Green diesel atau solar nabati yang diproduksi Pertamina dengan Katalis Merah Putih dari ITB ini tidak hanya menghemat anggaran impor bahan bakar dari fosil, tetapi juga memiliki cetane atau tingkat pembakaran diesel yang lebih bersih dengan emisi atau polusi udara yang lebih sedikit.
“Hasilnya juga dari kualitas. Kalau dengan fosil murni, cetane numbernya 51 persen. Kalau dari hasil Katalis Merah Putih ini, cetane-nya 58 persen, jauh lebih baik dan lebih bersih. Nanti pembakarannya lebih sempurna. Ini yang belum pernah ada di Indonesia, bahkan di dunia,” tutur dia.

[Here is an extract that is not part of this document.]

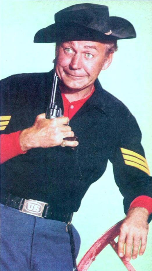 Forrest Tucker as Sgt. O’Rourke in “F-Troop.” That’s pretty poor muzzle discipline, Sarge.
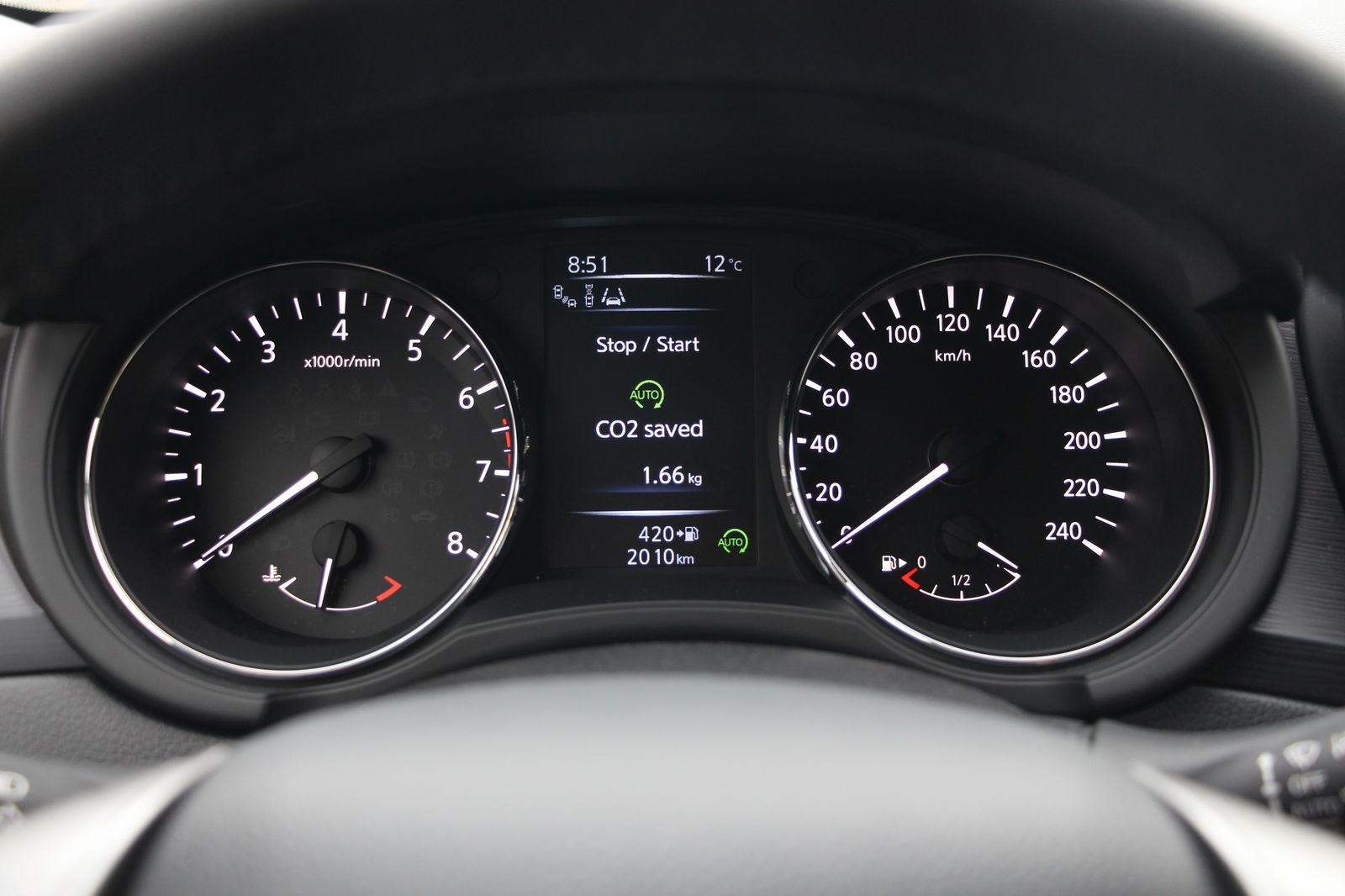 A navigáció nemcsak a középkonzoli, akár tolató- illetve, előre és oldalra, vagy akár a padkát is látó kamerát is megjelenítő érintőképernyőn, hanem a műszerek között is jöhet, ugyanott a stop-start által megspórolt CO2 is látható

Sementara General Manager Pertamina Refinery Unit (RU) II Dumai Nandang Kurnaedi mengatakan Pertamina sedang mempertimbangkan untuk memproduksi lebih banyak greed diesel D-10.
"Insya Allah ke depannya untuk swasembada energi, ini akan jadi prospek yg lebih bagus lagi," ujar Nandang.
Katalis Merah Putih yang berhasil dimanfaatkan di Pertamina Refinery Unit II Dumai ini adalah hasil kerja sama ITB dengan Research Technology Center (RTC) Pertamina. Pertamina mendukung Katalis Merah Putih melalui pengujian Katalis Merah Putih dengan reaktor yang dimiliki RTC Pertamina selama lebih dari 10 bulan.
Kemenristekdikti sendiri telah mendukung inovasi dari ITB ini sejak 2017 melalui program Inovasi Perguruan Tinggi di Industri (IPTI), salah satunya dengan diresmikannya Industri Katalis Pendidikan di Laboratorium TRKK ITB pada 11 Oktober 2018 lalu.